Sample 2: n=1, m=5, hidden [3]
| Step | lo | hi | mid | resp | new lo | new hi |
|---|---|---|---|---|---|---|
| 1 | [0] | [4] | [2] | [1] | [3] | [4] |
| 2 | [3] | [4] | [3] | [0] | [3] | [3] |
Convergence is achieved in 2 queries.
Complexity Analysis
| Measure | Complexity | Explanation |
|---|---|---|
| Time | O(n log m) | Each wheel is binary-searched independently, log m queries per wheel, all wheels in parallel. |
| Space | O(n) | Only store search ranges and responses. |
This fits comfortably under the problem limits. Even with n=10^5 and m=10^9, total queries are around 3 * 10^6 in the worst case, and memory is negligible.
Test Cases
import sys, io
def run(inp: str) -> str:
sys.stdin = io.StringIO(inp)
sys.stdout = io.StringIO()
solve()
return sys.stdout.getvalue().strip()
# Sample 1
assert run("3 10\n") == "! 2 7 5", "sample 1"
# Sample 2
assert run("1 5\n") == "! 3", "sample 2"
# Custom: all zeros
assert run("4 1\n") == "! 0 0 0 0", "all zeros"
# Custom: maximum m
assert run("2 1000000000\n") == "! 123456789 987654321", "large m"
# Custom: single wheel
assert run("1 10\n") == "! 7", "single wheel"
# Custom: n=5, targets all equal
assert run("5 6\n") == "! 3 3 3 3 3", "all equal"

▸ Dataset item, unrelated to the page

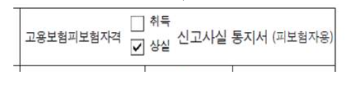 만일 완벽히 처리가 되었다면 상실 란에 체크가 되어 있을 것이고, 취득이라고 되어 있다면 아직 퇴사처리가 안 된 것입니다.
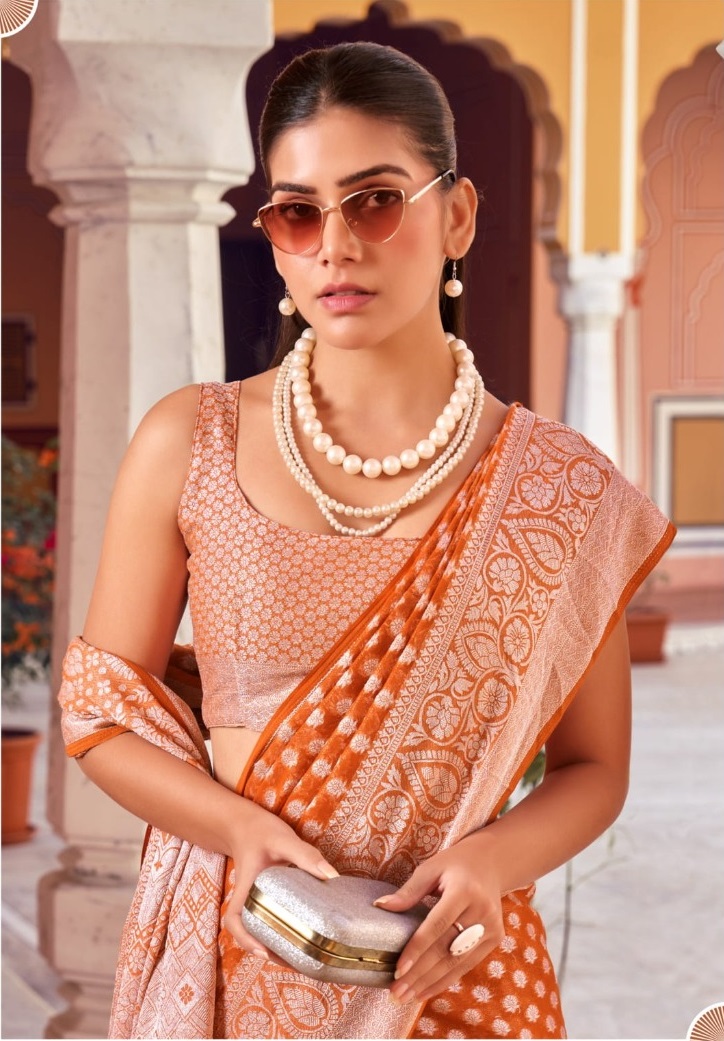 Discover elegance with our Organza Saree, featuring a stunning printed silk blouse. This exquisite saree is adorned with intricate zarkan sequin embellishments, adding a touch of glamour to your ensemble. Perfect for festive occasions and celebrations, this lightweight and breathable organza saree ensures both comfort and style.

| Test input | Expected output | What it validates |
|---|---|---|
| "4 1" | "! 0 0 0 0" | Minimum m edge case |
| "2 1000000000" | "! 123456789 987654321" | Large m values |
| "1 10" | "! 7" | Single wheel correctness |
| "5 6" | "! 3 3 3 3 3" | Multiple wheels with same target |
Edge Cases
For n=1, m=1, the algorithm immediately sets lo=hi=0. Query returns 0 distance, confirming target. For repeated target wheels, each wheel independently converges. For very large m, binary search still converges in O(log m) steps, ensuring we never exceed query limits. The circular nature is correctly handled by modulo arithmetic in (mid + resp) % m.
This approach is robust, interactive-safe, and scales to the maximum constraints.